# [Work item]
Write out the records below once more, exactly and completely.

(Excerpts from a dataset)
-=-=-=-=-

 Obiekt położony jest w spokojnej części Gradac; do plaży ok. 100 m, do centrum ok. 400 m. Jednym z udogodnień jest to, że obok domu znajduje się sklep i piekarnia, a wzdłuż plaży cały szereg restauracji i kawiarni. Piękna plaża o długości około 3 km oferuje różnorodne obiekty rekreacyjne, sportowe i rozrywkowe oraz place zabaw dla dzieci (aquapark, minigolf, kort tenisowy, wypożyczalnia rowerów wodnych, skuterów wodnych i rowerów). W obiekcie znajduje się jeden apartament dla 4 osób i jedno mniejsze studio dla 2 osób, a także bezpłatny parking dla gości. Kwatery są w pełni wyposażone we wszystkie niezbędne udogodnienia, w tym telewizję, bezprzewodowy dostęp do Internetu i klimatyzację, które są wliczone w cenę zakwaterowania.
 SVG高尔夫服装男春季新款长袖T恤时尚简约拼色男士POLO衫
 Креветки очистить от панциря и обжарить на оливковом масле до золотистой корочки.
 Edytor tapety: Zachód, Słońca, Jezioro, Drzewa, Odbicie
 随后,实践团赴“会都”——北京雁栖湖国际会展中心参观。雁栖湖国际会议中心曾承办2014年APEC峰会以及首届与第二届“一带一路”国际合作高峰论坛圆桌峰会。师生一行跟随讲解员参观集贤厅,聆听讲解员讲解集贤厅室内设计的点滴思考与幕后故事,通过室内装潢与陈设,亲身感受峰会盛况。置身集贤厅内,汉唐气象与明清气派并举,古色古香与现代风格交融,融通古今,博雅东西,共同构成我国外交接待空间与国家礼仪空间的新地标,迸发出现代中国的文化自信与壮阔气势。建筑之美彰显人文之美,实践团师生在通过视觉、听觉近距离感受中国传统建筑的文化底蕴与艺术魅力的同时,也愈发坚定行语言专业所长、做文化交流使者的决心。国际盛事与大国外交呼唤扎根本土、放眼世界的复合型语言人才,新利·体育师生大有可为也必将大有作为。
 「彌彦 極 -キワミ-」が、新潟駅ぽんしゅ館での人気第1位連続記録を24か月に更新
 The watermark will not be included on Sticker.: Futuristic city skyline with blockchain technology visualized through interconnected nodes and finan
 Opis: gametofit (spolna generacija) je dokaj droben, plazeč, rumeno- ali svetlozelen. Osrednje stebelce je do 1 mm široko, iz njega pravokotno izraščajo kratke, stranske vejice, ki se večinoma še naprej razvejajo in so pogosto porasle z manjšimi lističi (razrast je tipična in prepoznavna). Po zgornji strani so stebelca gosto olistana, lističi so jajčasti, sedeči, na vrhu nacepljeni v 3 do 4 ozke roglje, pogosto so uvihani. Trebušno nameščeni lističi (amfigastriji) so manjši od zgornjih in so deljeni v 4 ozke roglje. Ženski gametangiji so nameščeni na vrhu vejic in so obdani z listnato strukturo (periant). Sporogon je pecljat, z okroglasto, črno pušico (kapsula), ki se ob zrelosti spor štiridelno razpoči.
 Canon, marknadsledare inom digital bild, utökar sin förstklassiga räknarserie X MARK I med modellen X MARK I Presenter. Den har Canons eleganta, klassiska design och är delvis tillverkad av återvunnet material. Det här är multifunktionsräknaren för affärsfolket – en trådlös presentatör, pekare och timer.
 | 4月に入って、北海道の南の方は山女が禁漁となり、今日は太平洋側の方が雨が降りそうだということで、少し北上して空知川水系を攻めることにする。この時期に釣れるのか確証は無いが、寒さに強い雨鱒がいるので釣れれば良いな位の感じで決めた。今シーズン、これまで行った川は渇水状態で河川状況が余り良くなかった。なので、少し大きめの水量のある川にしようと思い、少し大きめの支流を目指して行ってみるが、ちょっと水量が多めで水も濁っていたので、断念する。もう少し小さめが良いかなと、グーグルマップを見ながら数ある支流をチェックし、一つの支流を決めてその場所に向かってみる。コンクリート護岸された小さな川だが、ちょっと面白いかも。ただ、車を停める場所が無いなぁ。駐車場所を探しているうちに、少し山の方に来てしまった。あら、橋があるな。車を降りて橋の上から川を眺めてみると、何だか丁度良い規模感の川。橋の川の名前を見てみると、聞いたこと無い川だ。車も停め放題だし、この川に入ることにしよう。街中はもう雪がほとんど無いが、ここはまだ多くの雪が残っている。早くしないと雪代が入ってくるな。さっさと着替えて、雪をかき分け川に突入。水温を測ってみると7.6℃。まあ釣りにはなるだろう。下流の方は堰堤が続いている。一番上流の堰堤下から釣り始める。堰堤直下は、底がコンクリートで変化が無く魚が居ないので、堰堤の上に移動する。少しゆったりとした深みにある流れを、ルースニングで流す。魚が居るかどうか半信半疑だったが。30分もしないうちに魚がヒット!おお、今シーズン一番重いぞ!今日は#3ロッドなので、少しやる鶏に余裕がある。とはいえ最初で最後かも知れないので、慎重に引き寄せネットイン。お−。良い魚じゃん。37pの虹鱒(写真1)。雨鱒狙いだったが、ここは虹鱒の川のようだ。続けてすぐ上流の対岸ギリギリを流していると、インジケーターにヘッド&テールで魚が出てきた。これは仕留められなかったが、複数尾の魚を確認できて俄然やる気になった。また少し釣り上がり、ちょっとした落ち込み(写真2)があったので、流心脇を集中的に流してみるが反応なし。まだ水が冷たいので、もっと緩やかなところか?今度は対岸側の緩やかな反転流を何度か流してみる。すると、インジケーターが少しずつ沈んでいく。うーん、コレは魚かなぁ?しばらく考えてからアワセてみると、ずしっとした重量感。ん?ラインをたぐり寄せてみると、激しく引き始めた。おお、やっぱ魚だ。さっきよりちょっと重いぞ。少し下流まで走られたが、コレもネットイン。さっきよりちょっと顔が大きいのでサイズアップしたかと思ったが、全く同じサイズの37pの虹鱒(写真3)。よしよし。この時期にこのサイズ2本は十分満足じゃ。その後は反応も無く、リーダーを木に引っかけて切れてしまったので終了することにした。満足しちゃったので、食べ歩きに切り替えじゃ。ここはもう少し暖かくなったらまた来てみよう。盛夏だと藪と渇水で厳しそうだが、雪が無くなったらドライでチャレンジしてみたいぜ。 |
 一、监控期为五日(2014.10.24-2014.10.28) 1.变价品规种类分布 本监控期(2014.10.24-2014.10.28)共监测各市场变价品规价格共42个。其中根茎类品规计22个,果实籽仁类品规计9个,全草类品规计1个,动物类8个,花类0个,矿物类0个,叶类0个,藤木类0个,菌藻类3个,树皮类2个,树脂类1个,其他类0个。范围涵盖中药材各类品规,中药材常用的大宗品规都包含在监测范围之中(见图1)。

-=-=-=-=-

# [Task output]
 Obiekt położony jest w spokojnej części Gradac; do plaży ok. 100 m, do centrum ok. 400 m. Jednym z udogodnień jest to, że obok domu znajduje się sklep i piekarnia, a wzdłuż plaży cały szereg restauracji i kawiarni. Piękna plaża o długości około 3 km oferuje różnorodne obiekty rekreacyjne, sportowe i rozrywkowe oraz place zabaw dla dzieci (aquapark, minigolf, kort tenisowy, wypożyczalnia rowerów wodnych, skuterów wodnych i rowerów). W obiekcie znajduje się jeden apartament dla 4 osób i jedno mniejsze studio dla 2 osób, a także bezpłatny parking dla gości. Kwatery są w pełni wyposażone we wszystkie niezbędne udogodnienia, w tym telewizję, bezprzewodowy dostęp do Internetu i klimatyzację, które są wliczone w cenę zakwaterowania.
 SVG高尔夫服装男春季新款长袖T恤时尚简约拼色男士POLO衫
 Креветки очистить от панциря и обжарить на оливковом масле до золотистой корочки.
 Edytor tapety: Zachód, Słońca, Jezioro, Drzewa, Odbicie
 随后,实践团赴“会都”——北京雁栖湖国际会展中心参观。雁栖湖国际会议中心曾承办2014年APEC峰会以及首届与第二届“一带一路”国际合作高峰论坛圆桌峰会。师生一行跟随讲解员参观集贤厅,聆听讲解员讲解集贤厅室内设计的点滴思考与幕后故事,通过室内装潢与陈设,亲身感受峰会盛况。置身集贤厅内,汉唐气象与明清气派并举,古色古香与现代风格交融,融通古今,博雅东西,共同构成我国外交接待空间与国家礼仪空间的新地标,迸发出现代中国的文化自信与壮阔气势。建筑之美彰显人文之美,实践团师生在通过视觉、听觉近距离感受中国传统建筑的文化底蕴与艺术魅力的同时,也愈发坚定行语言专业所长、做文化交流使者的决心。国际盛事与大国外交呼唤扎根本土、放眼世界的复合型语言人才,新利·体育师生大有可为也必将大有作为。
 「彌彦 極 -キワミ-」が、新潟駅ぽんしゅ館での人気第1位連続記録を24か月に更新
 The watermark will not be included on Sticker.: Futuristic city skyline with blockchain technology visualized through interconnected nodes and finan
 Opis: gametofit (spolna generacija) je dokaj droben, plazeč, rumeno- ali svetlozelen. Osrednje stebelce je do 1 mm široko, iz njega pravokotno izraščajo kratke, stranske vejice, ki se večinoma še naprej razvejajo in so pogosto porasle z manjšimi lističi (razrast je tipična in prepoznavna). Po zgornji strani so stebelca gosto olistana, lističi so jajčasti, sedeči, na vrhu nacepljeni v 3 do 4 ozke roglje, pogosto so uvihani. Trebušno nameščeni lističi (amfigastriji) so manjši od zgornjih in so deljeni v 4 ozke roglje. Ženski gametangiji so nameščeni na vrhu vejic in so obdani z listnato strukturo (periant). Sporogon je pecljat, z okroglasto, črno pušico (kapsula), ki se ob zrelosti spor štiridelno razpoči.
 Canon, marknadsledare inom digital bild, utökar sin förstklassiga räknarserie X MARK I med modellen X MARK I Presenter. Den har Canons eleganta, klassiska design och är delvis tillverkad av återvunnet material. Det här är multifunktionsräknaren för affärsfolket – en trådlös presentatör, pekare och timer.
 | 4月に入って、北海道の南の方は山女が禁漁となり、今日は太平洋側の方が雨が降りそうだということで、少し北上して空知川水系を攻めることにする。この時期に釣れるのか確証は無いが、寒さに強い雨鱒がいるので釣れれば良いな位の感じで決めた。今シーズン、これまで行った川は渇水状態で河川状況が余り良くなかった。なので、少し大きめの水量のある川にしようと思い、少し大きめの支流を目指して行ってみるが、ちょっと水量が多めで水も濁っていたので、断念する。もう少し小さめが良いかなと、グーグルマップを見ながら数ある支流をチェックし、一つの支流を決めてその場所に向かってみる。コンクリート護岸された小さな川だが、ちょっと面白いかも。ただ、車を停める場所が無いなぁ。駐車場所を探しているうちに、少し山の方に来てしまった。あら、橋があるな。車を降りて橋の上から川を眺めてみると、何だか丁度良い規模感の川。橋の川の名前を見てみると、聞いたこと無い川だ。車も停め放題だし、この川に入ることにしよう。街中はもう雪がほとんど無いが、ここはまだ多くの雪が残っている。早くしないと雪代が入ってくるな。さっさと着替えて、雪をかき分け川に突入。水温を測ってみると7.6℃。まあ釣りにはなるだろう。下流の方は堰堤が続いている。一番上流の堰堤下から釣り始める。堰堤直下は、底がコンクリートで変化が無く魚が居ないので、堰堤の上に移動する。少しゆったりとした深みにある流れを、ルースニングで流す。魚が居るかどうか半信半疑だったが。30分もしないうちに魚がヒット!おお、今シーズン一番重いぞ!今日は#3ロッドなので、少しやる鶏に余裕がある。とはいえ最初で最後かも知れないので、慎重に引き寄せネットイン。お−。良い魚じゃん。37pの虹鱒(写真1)。雨鱒狙いだったが、ここは虹鱒の川のようだ。続けてすぐ上流の対岸ギリギリを流していると、インジケーターにヘッド&テールで魚が出てきた。これは仕留められなかったが、複数尾の魚を確認できて俄然やる気になった。また少し釣り上がり、ちょっとした落ち込み(写真2)があったので、流心脇を集中的に流してみるが反応なし。まだ水が冷たいので、もっと緩やかなところか?今度は対岸側の緩やかな反転流を何度か流してみる。すると、インジケーターが少しずつ沈んでいく。うーん、コレは魚かなぁ?しばらく考えてからアワセてみると、ずしっとした重量感。ん?ラインをたぐり寄せてみると、激しく引き始めた。おお、やっぱ魚だ。さっきよりちょっと重いぞ。少し下流まで走られたが、コレもネットイン。さっきよりちょっと顔が大きいのでサイズアップしたかと思ったが、全く同じサイズの37pの虹鱒(写真3)。よしよし。この時期にこのサイズ2本は十分満足じゃ。その後は反応も無く、リーダーを木に引っかけて切れてしまったので終了することにした。満足しちゃったので、食べ歩きに切り替えじゃ。ここはもう少し暖かくなったらまた来てみよう。盛夏だと藪と渇水で厳しそうだが、雪が無くなったらドライでチャレンジしてみたいぜ。 |
 一、监控期为五日(2014.10.24-2014.10.28) 1.变价品规种类分布 本监控期(2014.10.24-2014.10.28)共监测各市场变价品规价格共42个。其中根茎类品规计22个,果实籽仁类品规计9个,全草类品规计1个,动物类8个,花类0个,矿物类0个,叶类0个,藤木类0个,菌藻类3个,树皮类2个,树脂类1个,其他类0个。范围涵盖中药材各类品规,中药材常用的大宗品规都包含在监测范围之中(见图1)。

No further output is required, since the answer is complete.